Supplied records:
★ ★ ★ ★ ★ ★ ★

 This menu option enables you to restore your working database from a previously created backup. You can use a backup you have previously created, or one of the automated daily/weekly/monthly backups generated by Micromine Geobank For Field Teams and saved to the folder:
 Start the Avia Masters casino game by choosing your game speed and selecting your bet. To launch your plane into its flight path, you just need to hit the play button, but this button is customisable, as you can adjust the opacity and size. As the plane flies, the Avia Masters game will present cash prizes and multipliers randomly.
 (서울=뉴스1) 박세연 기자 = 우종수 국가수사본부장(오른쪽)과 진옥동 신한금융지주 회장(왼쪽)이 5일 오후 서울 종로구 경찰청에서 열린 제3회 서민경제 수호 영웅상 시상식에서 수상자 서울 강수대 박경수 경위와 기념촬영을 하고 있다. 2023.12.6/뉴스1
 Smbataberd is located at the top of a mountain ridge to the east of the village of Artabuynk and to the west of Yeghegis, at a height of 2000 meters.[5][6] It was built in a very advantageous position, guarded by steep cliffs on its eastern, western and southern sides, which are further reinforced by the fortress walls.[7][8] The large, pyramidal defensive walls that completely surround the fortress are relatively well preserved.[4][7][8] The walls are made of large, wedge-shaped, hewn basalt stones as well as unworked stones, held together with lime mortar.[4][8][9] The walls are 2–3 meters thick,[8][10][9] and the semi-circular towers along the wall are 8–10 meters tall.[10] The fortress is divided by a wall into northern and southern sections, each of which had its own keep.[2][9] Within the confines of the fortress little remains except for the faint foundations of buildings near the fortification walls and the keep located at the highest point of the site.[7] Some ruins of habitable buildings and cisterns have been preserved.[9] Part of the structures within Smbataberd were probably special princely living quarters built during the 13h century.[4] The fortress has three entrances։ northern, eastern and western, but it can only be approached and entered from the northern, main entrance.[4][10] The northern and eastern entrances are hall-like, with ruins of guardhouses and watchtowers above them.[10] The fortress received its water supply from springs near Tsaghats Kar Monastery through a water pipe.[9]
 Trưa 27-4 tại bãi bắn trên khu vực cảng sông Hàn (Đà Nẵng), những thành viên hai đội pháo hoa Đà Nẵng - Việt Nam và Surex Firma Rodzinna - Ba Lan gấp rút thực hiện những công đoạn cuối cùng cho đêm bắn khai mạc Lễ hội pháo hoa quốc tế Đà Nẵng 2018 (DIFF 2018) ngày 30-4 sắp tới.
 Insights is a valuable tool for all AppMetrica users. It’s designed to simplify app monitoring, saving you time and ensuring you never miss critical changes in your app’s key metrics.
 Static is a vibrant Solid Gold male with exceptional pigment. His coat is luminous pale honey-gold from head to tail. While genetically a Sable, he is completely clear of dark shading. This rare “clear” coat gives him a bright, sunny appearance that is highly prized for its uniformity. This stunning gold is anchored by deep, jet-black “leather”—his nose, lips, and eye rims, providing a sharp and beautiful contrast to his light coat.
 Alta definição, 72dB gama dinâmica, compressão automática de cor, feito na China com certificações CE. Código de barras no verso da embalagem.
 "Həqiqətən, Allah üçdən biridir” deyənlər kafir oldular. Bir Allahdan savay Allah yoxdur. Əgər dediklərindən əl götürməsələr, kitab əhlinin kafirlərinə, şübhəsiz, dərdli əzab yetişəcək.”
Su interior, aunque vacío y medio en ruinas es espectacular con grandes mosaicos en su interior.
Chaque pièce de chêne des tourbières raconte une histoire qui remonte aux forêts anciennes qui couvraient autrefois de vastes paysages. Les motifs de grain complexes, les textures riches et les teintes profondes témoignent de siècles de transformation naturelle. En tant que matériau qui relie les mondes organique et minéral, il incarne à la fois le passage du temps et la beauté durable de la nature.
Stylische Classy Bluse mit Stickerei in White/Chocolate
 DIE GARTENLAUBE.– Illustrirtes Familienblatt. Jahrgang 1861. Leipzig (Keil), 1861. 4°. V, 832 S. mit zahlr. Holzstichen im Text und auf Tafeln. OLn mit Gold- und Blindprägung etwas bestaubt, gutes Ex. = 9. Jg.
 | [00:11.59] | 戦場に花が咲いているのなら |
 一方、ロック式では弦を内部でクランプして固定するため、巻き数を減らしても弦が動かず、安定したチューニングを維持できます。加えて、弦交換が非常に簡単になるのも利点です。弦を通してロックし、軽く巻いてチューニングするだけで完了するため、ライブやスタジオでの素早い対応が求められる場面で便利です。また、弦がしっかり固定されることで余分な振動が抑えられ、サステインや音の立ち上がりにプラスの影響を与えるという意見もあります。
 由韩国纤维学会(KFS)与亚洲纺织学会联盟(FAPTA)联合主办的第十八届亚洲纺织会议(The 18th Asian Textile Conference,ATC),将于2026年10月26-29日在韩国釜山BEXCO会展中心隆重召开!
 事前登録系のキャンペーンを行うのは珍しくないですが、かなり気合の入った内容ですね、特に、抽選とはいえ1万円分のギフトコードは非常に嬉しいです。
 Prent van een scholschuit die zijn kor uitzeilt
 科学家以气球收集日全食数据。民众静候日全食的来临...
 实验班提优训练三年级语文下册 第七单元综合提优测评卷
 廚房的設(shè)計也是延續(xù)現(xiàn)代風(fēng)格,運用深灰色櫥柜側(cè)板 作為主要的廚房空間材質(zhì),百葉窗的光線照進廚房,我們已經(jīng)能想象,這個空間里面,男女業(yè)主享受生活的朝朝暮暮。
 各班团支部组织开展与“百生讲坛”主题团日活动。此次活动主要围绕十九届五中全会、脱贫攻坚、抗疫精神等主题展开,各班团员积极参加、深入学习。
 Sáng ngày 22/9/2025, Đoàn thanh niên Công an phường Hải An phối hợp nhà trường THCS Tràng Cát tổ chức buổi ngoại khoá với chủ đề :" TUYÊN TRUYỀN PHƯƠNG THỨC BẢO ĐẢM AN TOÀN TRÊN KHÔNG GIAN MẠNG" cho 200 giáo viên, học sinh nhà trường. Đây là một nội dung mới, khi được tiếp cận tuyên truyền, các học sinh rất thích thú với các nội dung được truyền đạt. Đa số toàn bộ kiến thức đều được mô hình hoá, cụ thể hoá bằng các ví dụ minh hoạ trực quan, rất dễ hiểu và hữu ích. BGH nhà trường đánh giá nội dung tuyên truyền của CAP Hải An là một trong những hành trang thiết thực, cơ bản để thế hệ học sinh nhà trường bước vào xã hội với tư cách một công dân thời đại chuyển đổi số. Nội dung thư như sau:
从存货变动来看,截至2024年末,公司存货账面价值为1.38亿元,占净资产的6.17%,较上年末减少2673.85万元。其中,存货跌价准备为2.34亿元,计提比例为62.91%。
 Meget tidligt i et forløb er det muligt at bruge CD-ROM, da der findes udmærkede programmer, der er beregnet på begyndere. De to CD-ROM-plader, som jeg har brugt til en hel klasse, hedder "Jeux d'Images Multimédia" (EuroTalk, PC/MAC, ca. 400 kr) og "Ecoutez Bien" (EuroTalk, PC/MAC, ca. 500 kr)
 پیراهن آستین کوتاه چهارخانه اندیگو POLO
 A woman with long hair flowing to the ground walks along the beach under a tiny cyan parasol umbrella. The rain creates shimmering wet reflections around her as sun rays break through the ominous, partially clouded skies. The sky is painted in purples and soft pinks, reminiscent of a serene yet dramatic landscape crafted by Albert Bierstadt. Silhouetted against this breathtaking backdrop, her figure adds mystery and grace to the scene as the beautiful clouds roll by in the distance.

★ ★ ★ ★ ★ ★ ★

Task goal: Give back the entire listing verbatim.

Result of this exercise:
 This menu option enables you to restore your working database from a previously created backup. You can use a backup you have previously created, or one of the automated daily/weekly/monthly backups generated by Micromine Geobank For Field Teams and saved to the folder:
 Start the Avia Masters casino game by choosing your game speed and selecting your bet. To launch your plane into its flight path, you just need to hit the play button, but this button is customisable, as you can adjust the opacity and size. As the plane flies, the Avia Masters game will present cash prizes and multipliers randomly.
 (서울=뉴스1) 박세연 기자 = 우종수 국가수사본부장(오른쪽)과 진옥동 신한금융지주 회장(왼쪽)이 5일 오후 서울 종로구 경찰청에서 열린 제3회 서민경제 수호 영웅상 시상식에서 수상자 서울 강수대 박경수 경위와 기념촬영을 하고 있다. 2023.12.6/뉴스1
 Smbataberd is located at the top of a mountain ridge to the east of the village of Artabuynk and to the west of Yeghegis, at a height of 2000 meters.[5][6] It was built in a very advantageous position, guarded by steep cliffs on its eastern, western and southern sides, which are further reinforced by the fortress walls.[7][8] The large, pyramidal defensive walls that completely surround the fortress are relatively well preserved.[4][7][8] The walls are made of large, wedge-shaped, hewn basalt stones as well as unworked stones, held together with lime mortar.[4][8][9] The walls are 2–3 meters thick,[8][10][9] and the semi-circular towers along the wall are 8–10 meters tall.[10] The fortress is divided by a wall into northern and southern sections, each of which had its own keep.[2][9] Within the confines of the fortress little remains except for the faint foundations of buildings near the fortification walls and the keep located at the highest point of the site.[7] Some ruins of habitable buildings and cisterns have been preserved.[9] Part of the structures within Smbataberd were probably special princely living quarters built during the 13h century.[4] The fortress has three entrances։ northern, eastern and western, but it can only be approached and entered from the northern, main entrance.[4][10] The northern and eastern entrances are hall-like, with ruins of guardhouses and watchtowers above them.[10] The fortress received its water supply from springs near Tsaghats Kar Monastery through a water pipe.[9]
 Trưa 27-4 tại bãi bắn trên khu vực cảng sông Hàn (Đà Nẵng), những thành viên hai đội pháo hoa Đà Nẵng - Việt Nam và Surex Firma Rodzinna - Ba Lan gấp rút thực hiện những công đoạn cuối cùng cho đêm bắn khai mạc Lễ hội pháo hoa quốc tế Đà Nẵng 2018 (DIFF 2018) ngày 30-4 sắp tới.
 Insights is a valuable tool for all AppMetrica users. It’s designed to simplify app monitoring, saving you time and ensuring you never miss critical changes in your app’s key metrics.
 Static is a vibrant Solid Gold male with exceptional pigment. His coat is luminous pale honey-gold from head to tail. While genetically a Sable, he is completely clear of dark shading. This rare “clear” coat gives him a bright, sunny appearance that is highly prized for its uniformity. This stunning gold is anchored by deep, jet-black “leather”—his nose, lips, and eye rims, providing a sharp and beautiful contrast to his light coat.
 Alta definição, 72dB gama dinâmica, compressão automática de cor, feito na China com certificações CE. Código de barras no verso da embalagem.
 "Həqiqətən, Allah üçdən biridir” deyənlər kafir oldular. Bir Allahdan savay Allah yoxdur. Əgər dediklərindən əl götürməsələr, kitab əhlinin kafirlərinə, şübhəsiz, dərdli əzab yetişəcək.”
Su interior, aunque vacío y medio en ruinas es espectacular con grandes mosaicos en su interior.
Chaque pièce de chêne des tourbières raconte une histoire qui remonte aux forêts anciennes qui couvraient autrefois de vastes paysages. Les motifs de grain complexes, les textures riches et les teintes profondes témoignent de siècles de transformation naturelle. En tant que matériau qui relie les mondes organique et minéral, il incarne à la fois le passage du temps et la beauté durable de la nature.
Stylische Classy Bluse mit Stickerei in White/Chocolate
 DIE GARTENLAUBE.– Illustrirtes Familienblatt. Jahrgang 1861. Leipzig (Keil), 1861. 4°. V, 832 S. mit zahlr. Holzstichen im Text und auf Tafeln. OLn mit Gold- und Blindprägung etwas bestaubt, gutes Ex. = 9. Jg.
 | [00:11.59] | 戦場に花が咲いているのなら |
 一方、ロック式では弦を内部でクランプして固定するため、巻き数を減らしても弦が動かず、安定したチューニングを維持できます。加えて、弦交換が非常に簡単になるのも利点です。弦を通してロックし、軽く巻いてチューニングするだけで完了するため、ライブやスタジオでの素早い対応が求められる場面で便利です。また、弦がしっかり固定されることで余分な振動が抑えられ、サステインや音の立ち上がりにプラスの影響を与えるという意見もあります。
 由韩国纤维学会(KFS)与亚洲纺织学会联盟(FAPTA)联合主办的第十八届亚洲纺织会议(The 18th Asian Textile Conference,ATC),将于2026年10月26-29日在韩国釜山BEXCO会展中心隆重召开!
 事前登録系のキャンペーンを行うのは珍しくないですが、かなり気合の入った内容ですね、特に、抽選とはいえ1万円分のギフトコードは非常に嬉しいです。
 Prent van een scholschuit die zijn kor uitzeilt
 科学家以气球收集日全食数据。民众静候日全食的来临...
 实验班提优训练三年级语文下册 第七单元综合提优测评卷
 廚房的設(shè)計也是延續(xù)現(xiàn)代風(fēng)格,運用深灰色櫥柜側(cè)板 作為主要的廚房空間材質(zhì),百葉窗的光線照進廚房,我們已經(jīng)能想象,這個空間里面,男女業(yè)主享受生活的朝朝暮暮。
 各班团支部组织开展与“百生讲坛”主题团日活动。此次活动主要围绕十九届五中全会、脱贫攻坚、抗疫精神等主题展开,各班团员积极参加、深入学习。
 Sáng ngày 22/9/2025, Đoàn thanh niên Công an phường Hải An phối hợp nhà trường THCS Tràng Cát tổ chức buổi ngoại khoá với chủ đề :" TUYÊN TRUYỀN PHƯƠNG THỨC BẢO ĐẢM AN TOÀN TRÊN KHÔNG GIAN MẠNG" cho 200 giáo viên, học sinh nhà trường. Đây là một nội dung mới, khi được tiếp cận tuyên truyền, các học sinh rất thích thú với các nội dung được truyền đạt. Đa số toàn bộ kiến thức đều được mô hình hoá, cụ thể hoá bằng các ví dụ minh hoạ trực quan, rất dễ hiểu và hữu ích. BGH nhà trường đánh giá nội dung tuyên truyền của CAP Hải An là một trong những hành trang thiết thực, cơ bản để thế hệ học sinh nhà trường bước vào xã hội với tư cách một công dân thời đại chuyển đổi số. Nội dung thư như sau:
从存货变动来看,截至2024年末,公司存货账面价值为1.38亿元,占净资产的6.17%,较上年末减少2673.85万元。其中,存货跌价准备为2.34亿元,计提比例为62.91%。
 Meget tidligt i et forløb er det muligt at bruge CD-ROM, da der findes udmærkede programmer, der er beregnet på begyndere. De to CD-ROM-plader, som jeg har brugt til en hel klasse, hedder "Jeux d'Images Multimédia" (EuroTalk, PC/MAC, ca. 400 kr) og "Ecoutez Bien" (EuroTalk, PC/MAC, ca. 500 kr)
 پیراهن آستین کوتاه چهارخانه اندیگو POLO
 A woman with long hair flowing to the ground walks along the beach under a tiny cyan parasol umbrella. The rain creates shimmering wet reflections around her as sun rays break through the ominous, partially clouded skies. The sky is painted in purples and soft pinks, reminiscent of a serene yet dramatic landscape crafted by Albert Bierstadt. Silhouetted against this breathtaking backdrop, her figure adds mystery and grace to the scene as the beautiful clouds roll by in the distance.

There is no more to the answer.